TCGA expression data set

The collection of the data from The Cancer Genome Atlas (TCGA) (Cancer Genome Atlas Research, 2008) was compliant with all applicable laws, regulations, and policies for the protection of human subjects, and necessary ethical approvals were obtained. Analysis of all data analysis was done in R project version 3.3.2 (http://www.r-project.org/). RSEM normalized RNA-seq expression data for GABP isoforms (GABPA: uc002yly; GABPB1S: uc001zyc, uc001zyd, uc001zye, uc001zyf; GABPB1L: uc001zya, uc001zyb; GABPB2: uc001ewr, uc001ews, uc001ewt) and TERT were downloaded along with clinical information from TCGA (level 3 normalized data, December 2015, http://tcga-data.nci.nih.gov/tcga/dataAccessMatrix.htm) for 143 GBM (109 TERT-expressing and 34 TERT-non-expressing) samples, 49 oligodendroglioma (49 TERT promoter-mutant samples), and 249 colorectal cancer (249 TERT-expressing) samples. TERT mutation status was obtained, when available, from Ceccarelli et al for the glioma samples (Ceccarelli et al., 2016). GABP isoforms were analyzed for monotonic associations with TERT using Spearman’s correlation. H0: Spearman’s Rho=0; H1: Spearman Rho≠0; α=0.05. A linear trend-line was generated using the PCA orthogonal regression line.

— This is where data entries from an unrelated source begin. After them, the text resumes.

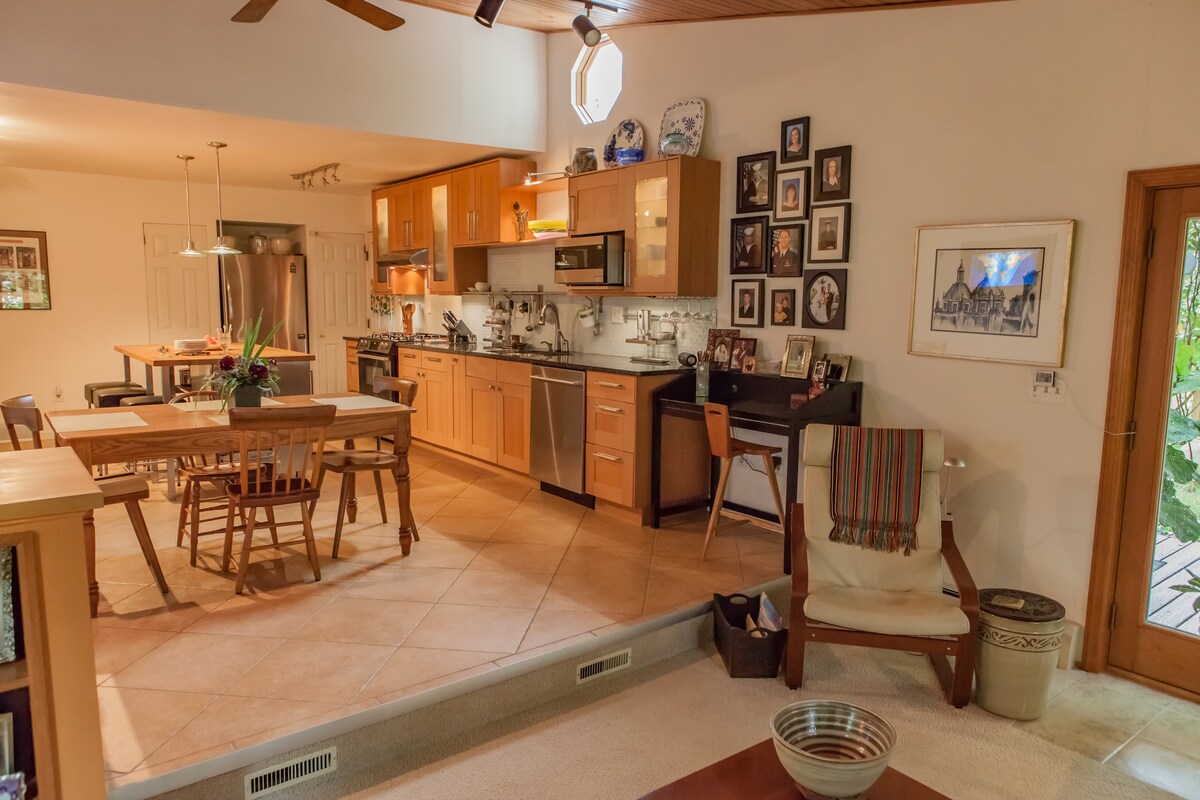 Cozy guest suite attached to main house in log cabin village. Full kitchen, dining area, wood stove, comfy queen bed, walk-in closet, games, 100 movies. Walk-in shower & built-in seat. Laundry room with door to deck area, bistro tables, firepit. The vaulted living room has pull-out love seat for one sleeper, TV [ROKU, You Tube TV, HULU, Netflix, Amazon, Disney], Blu-Ray player and Google Nest Mini. Enjoy breakfast items like fresh eggs, juice, milk, bread, coffee, tea and our homemade pizzelle.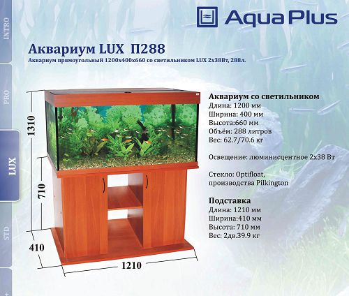 Аквариумы Aqua Plus серии LUX разработаны на основании всего самого лучшего, что было создано в аквариумистике. Это крепкие и надежные аквариумы, которые долго будут служить Вашей семье. Каждый аквариумист, в первую очередь, по достоинству оценит удобный и современный светильник. А широкая цветовая палитра, кратные мебельным размеры и качественные материалы послужат тому, чтобы аквариум органично вписался в интерьер Вашего дома.
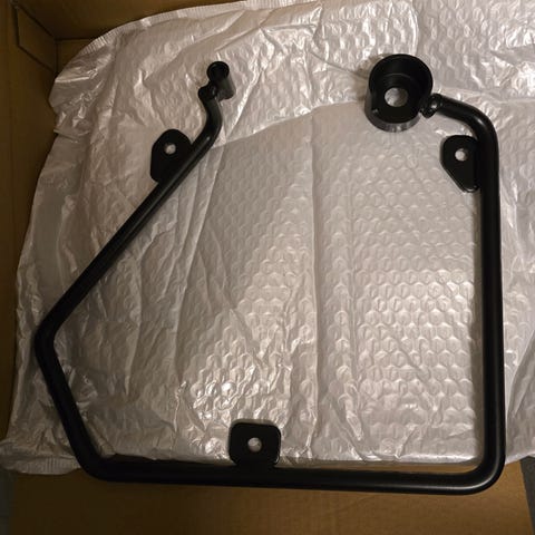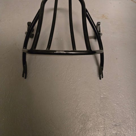 Bagagebærer til mototcykel i sort metal. Modellen monteres bag på motorcyklen og har en fast monteringsplade med forborede huller til fastgørelse. Der medfølger skruer og beslag til montering, som ses i plastposen på billederne. Velegnet som ekstra bagagebærer eller reservedel til motorcykel, hvor der ønskes en stabil bagagebærer i metal.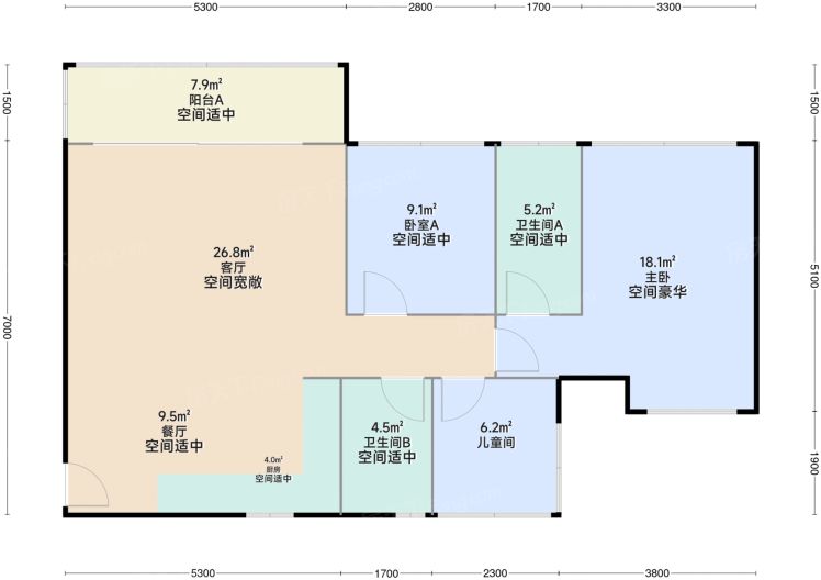 3室2厅2卫 建面 约100平
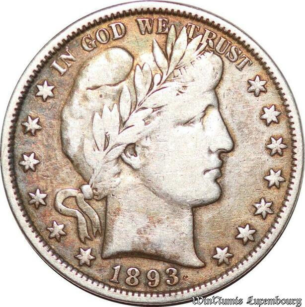S5299 Rare USA 1/2 Dollar Barber 1893 Argent Silver - Faire Offre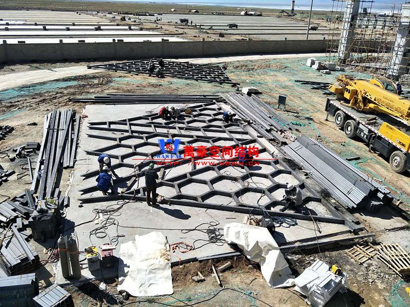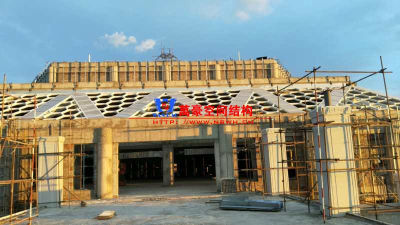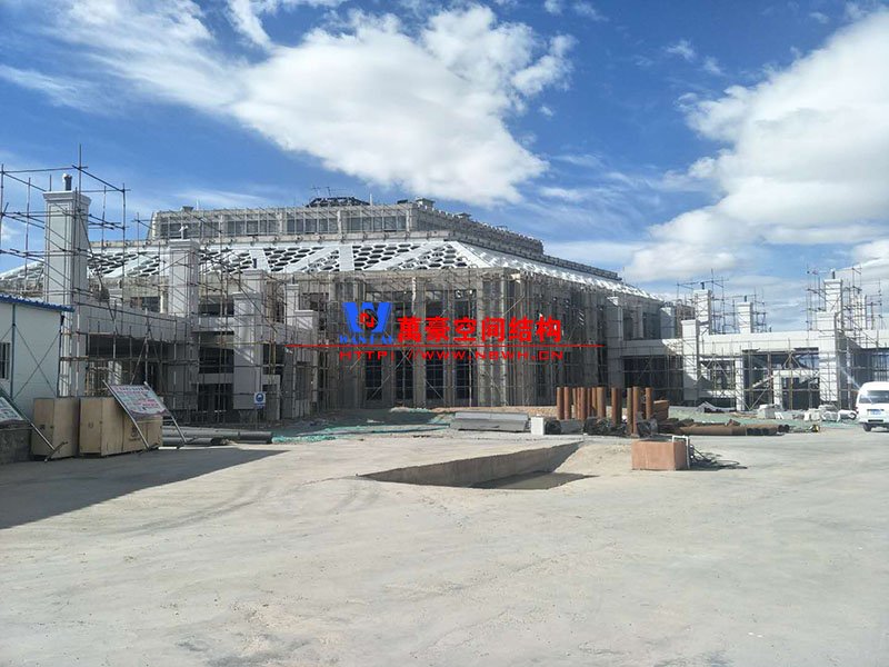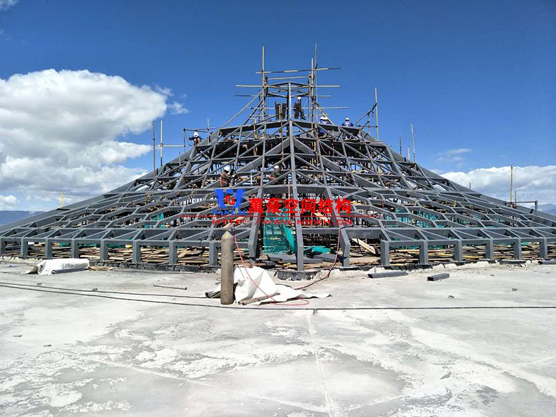 目前,觀光塔鋼膜結構項目架子已搭建完畢,接下來要做的是防護工作。綜合辦公樓鋼膜結構項目穹頂鋼構預計月底之前完成;斜屋面已做好三個面,其中兩個面已做完油漆,預計七月中旬斜屋面鋼構全部完成。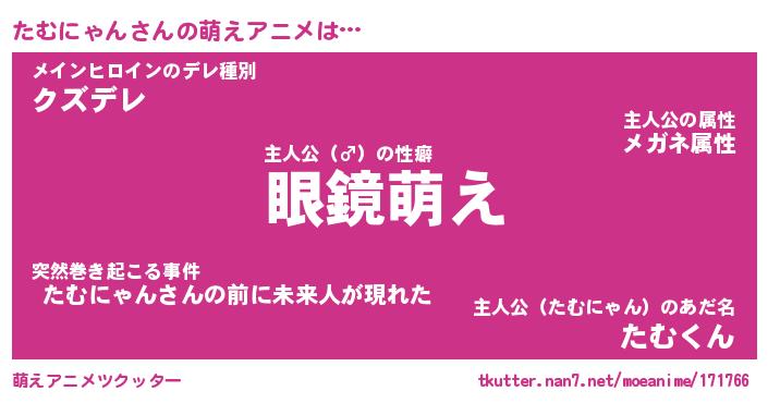 | 男性向けラノベタイトル風あだ名 | 『たむにゃんの憂鬱』 |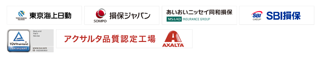 東京海上日動、損保ジャパン、あいおい損保、他通販保険会社等多くの損保会社に修理指定工場として認定されています。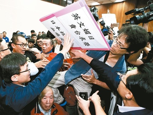 據臺灣《聯合報》報道,臺當局“農委會”12日在云林、嘉義、臺南、高雄連趕4場公聽會。首場臺南場上,國民黨臺南市議員盧昆福、蔡育輝質疑主辦單位做法偷渡,弄翻茶水、資料,與“農委會國際合作處處長”陳俊言爆發口角,陳還被推擠至座位上。會議被迫中斷。

Transcriptome sequencing and analysis

Total cellular RNA was isolated from GBM1, T98G, and LN229 CRISPR control and β1L-reduced clones 45 days post-editing via standard TRIzol protocol (ThermoFisher). Prior to library synthesis, RNA was treated with DNase (Roche), scored on an Agilent 2100 Bioanalyzer for quality control, and quantified on a Qubit® Fluoremeter using the Qubit RNA HS Assay kit (ThermoFisher). Only the samples with RIN >7 were used for RNA-seq. RNA-seq libraries were prepared with the KAPA Stranded mRNA-Seq kit for Illumina platforms (KAPA Biosystems) according to manufacturer’s instructions. Briefly, 1 μg RNA was used for mRNA capture. After fragmentation, first strand synthesis, second strand synthesis, and A-tailing, Illumina adaptors with dual indexes were ligated. The libraries were amplified 11 cycles before pooling with 8–10 samples/lane for sequencing. All libraries were sequenced at the UCSF Center for Advanced Technology on an Illumina HiSeq4000 sequencer with paired-end reads and an average read length of 50 base pairs.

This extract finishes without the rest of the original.